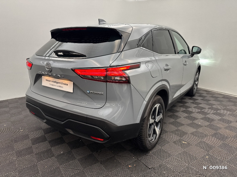Système d'ouverture et de démarrage sans clé "Intelligent key" / Technologie e-Pedal Step / Trappe de carburant sans bouchon / Vitres électriques avec mode impulsionnel AV et AR et commande à distance / Volant et pommeau de levier de vitesses gainé cuir / Port USB AV (USB-A) / Porte-gobelets AV (x2) / Sélection du mode de conduite (ECO, STANDARD et SPORT) / Siège conducteur avec réglage lombaire électrique 2 voies / Siège conducteur avec réglage lombaire 2 voies / Système "Chassis Control" (contrôle actif de trajectoire et de l'assiette) / Alarme périmétrique / Antenne aileron de requin / Liseuses AV et AR / NBAS (amplificateur de freinage d'urgence) / Nissan Connect Services / Ouverture des portières AR à 85° / Pare-soleil côté conducteur et passager avec miroir de courtoisie éclairé / Poignées de maintien AV et AR / Poignées de maintien pour passager AV et AR / Points d'ancrage pour sièges enfants ISOFIX à l'AR (x2) / Prise 12V dans le coffre / ABS et EBD / Accoudoir central AR avec porte-gobelets (2) / Système d'alerte anticollision AR intelligent avec détection des objets en mouvement / Système d'alerte prédictif anticollision frontale / Badges e-POWER / Cache-bagages amovible / Chargeur à induction pour Smartphone 15W / Combiné d'instrumentation avec écran couleur TFT 7" / Commandes au volant: contrôle de l'ordinateur de bord, audio, téléphone, régulateur et limiteur de vitesse / Compartiment pour lunettes de soleil / Deuxième port USB AV (USB-A et USB-C) / Eclairage du coffre (x2) / Feu stop central LED / Feux de détresse à déclenchement automatique / Feux de route adaptatifs / Feux diurnes LED avec système Follow Me Home / Frein à main électrique avec aide au stationnement/démarrage et fonction Autohold / Freinage d'urgence anticollision AR / Freinage d'urgence intelligent avec détection piétons, cyclistes et intersections / Habillage console centrale et contre-portes en TEP
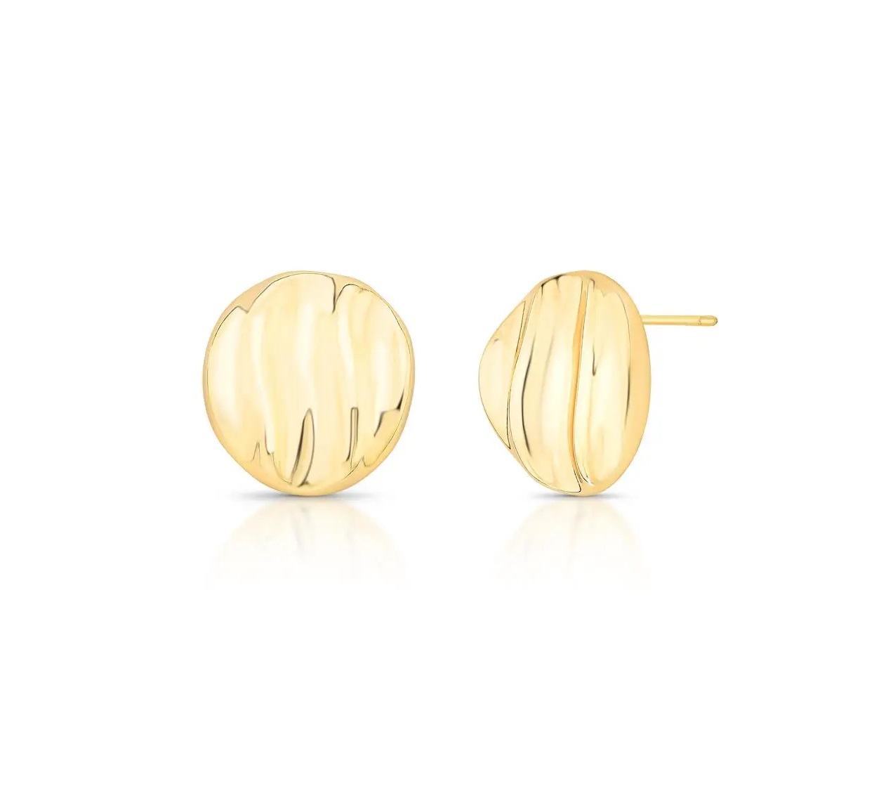 Brinco Liso Oval Texturizado Banhado a Ouro
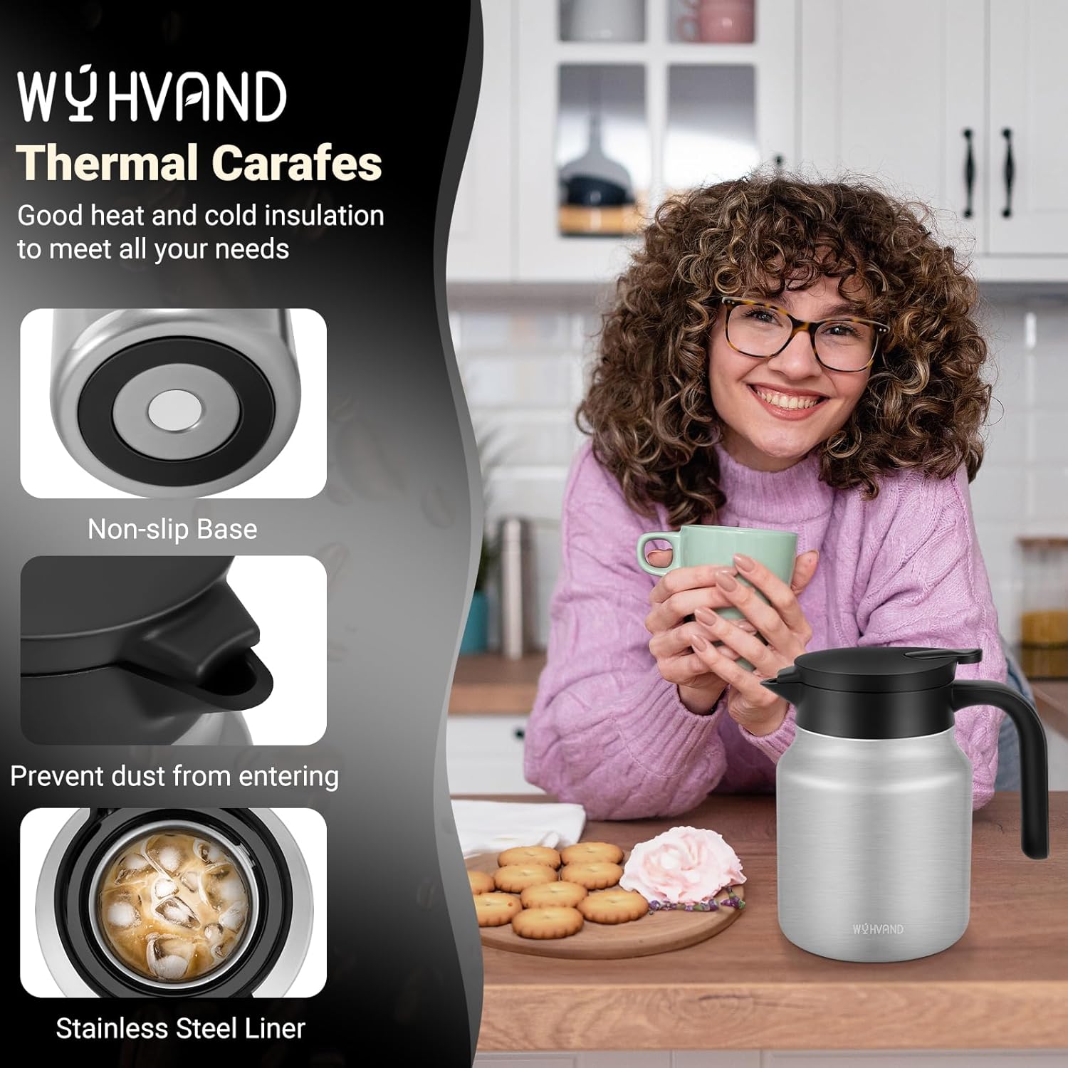 - Double-wall Vacuum Insulation: Perfect for hot water,hot cocoa, milk, or coffee, this double-wall vacuum insulated coffee carafe features advanced insulation to keep your drinks at the ideal temperature for hours
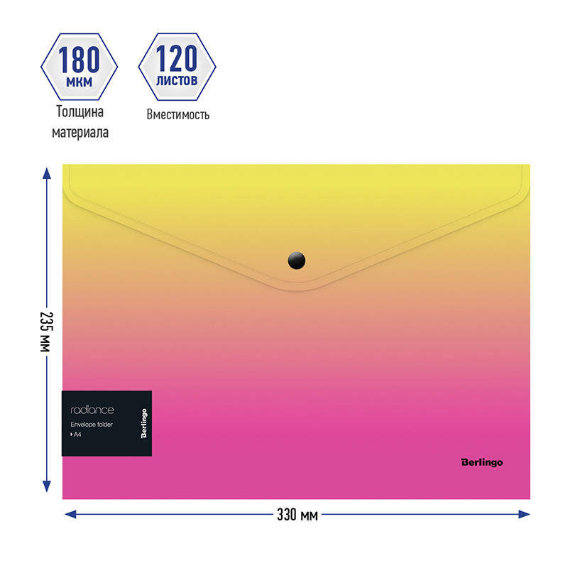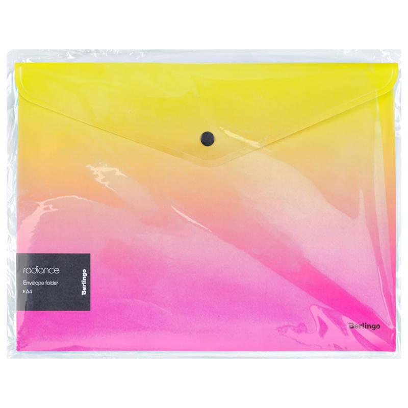 Mapa-plic din seria Berlingo Radiance in format A4 cu buton va deveni un accesoriu elegant pentru munca si studiu. Mapa, cu dimensiunile 330*235 mm, este fabricat din polipropilena de calitate superioara cu gradient galben/roz si grosimea de 180 microni cu textura de suprafata de nisip mat, care nu prezinta amprente si mici zgarieturi. Conceput pentru depozitarea si transportul documentelor, prevenind s?ifonarea si murdaria acestora. Un autocolant individual pe fiecare mapa cu un cod de bare si informatii generale. Are o orientare verticala. Produsul ofera acces rapid la documente. Mapa se inchid cu un buton si poate contine pana la 120 de coli.

Work request ▸ Give back the data verbatim. The pictures are not part of the copy.

Response to this exercise ▸
Système d'ouverture et de démarrage sans clé "Intelligent key" / Technologie e-Pedal Step / Trappe de carburant sans bouchon / Vitres électriques avec mode impulsionnel AV et AR et commande à distance / Volant et pommeau de levier de vitesses gainé cuir / Port USB AV (USB-A) / Porte-gobelets AV (x2) / Sélection du mode de conduite (ECO, STANDARD et SPORT) / Siège conducteur avec réglage lombaire électrique 2 voies / Siège conducteur avec réglage lombaire 2 voies / Système "Chassis Control" (contrôle actif de trajectoire et de l'assiette) / Alarme périmétrique / Antenne aileron de requin / Liseuses AV et AR / NBAS (amplificateur de freinage d'urgence) / Nissan Connect Services / Ouverture des portières AR à 85° / Pare-soleil côté conducteur et passager avec miroir de courtoisie éclairé / Poignées de maintien AV et AR / Poignées de maintien pour passager AV et AR / Points d'ancrage pour sièges enfants ISOFIX à l'AR (x2) / Prise 12V dans le coffre / ABS et EBD / Accoudoir central AR avec porte-gobelets (2) / Système d'alerte anticollision AR intelligent avec détection des objets en mouvement / Système d'alerte prédictif anticollision frontale / Badges e-POWER / Cache-bagages amovible / Chargeur à induction pour Smartphone 15W / Combiné d'instrumentation avec écran couleur TFT 7" / Commandes au volant: contrôle de l'ordinateur de bord, audio, téléphone, régulateur et limiteur de vitesse / Compartiment pour lunettes de soleil / Deuxième port USB AV (USB-A et USB-C) / Eclairage du coffre (x2) / Feu stop central LED / Feux de détresse à déclenchement automatique / Feux de route adaptatifs / Feux diurnes LED avec système Follow Me Home / Frein à main électrique avec aide au stationnement/démarrage et fonction Autohold / Freinage d'urgence anticollision AR / Freinage d'urgence intelligent avec détection piétons, cyclistes et intersections / Habillage console centrale et contre-portes en TEP
 Brinco Liso Oval Texturizado Banhado a Ouro
 - Double-wall Vacuum Insulation: Perfect for hot water,hot cocoa, milk, or coffee, this double-wall vacuum insulated coffee carafe features advanced insulation to keep your drinks at the ideal temperature for hours
 Mapa-plic din seria Berlingo Radiance in format A4 cu buton va deveni un accesoriu elegant pentru munca si studiu. Mapa, cu dimensiunile 330*235 mm, este fabricat din polipropilena de calitate superioara cu gradient galben/roz si grosimea de 180 microni cu textura de suprafata de nisip mat, care nu prezinta amprente si mici zgarieturi. Conceput pentru depozitarea si transportul documentelor, prevenind s?ifonarea si murdaria acestora. Un autocolant individual pe fiecare mapa cu un cod de bare si informatii generale. Are o orientare verticala. Produsul ofera acces rapid la documente. Mapa se inchid cu un buton si poate contine pana la 120 de coli.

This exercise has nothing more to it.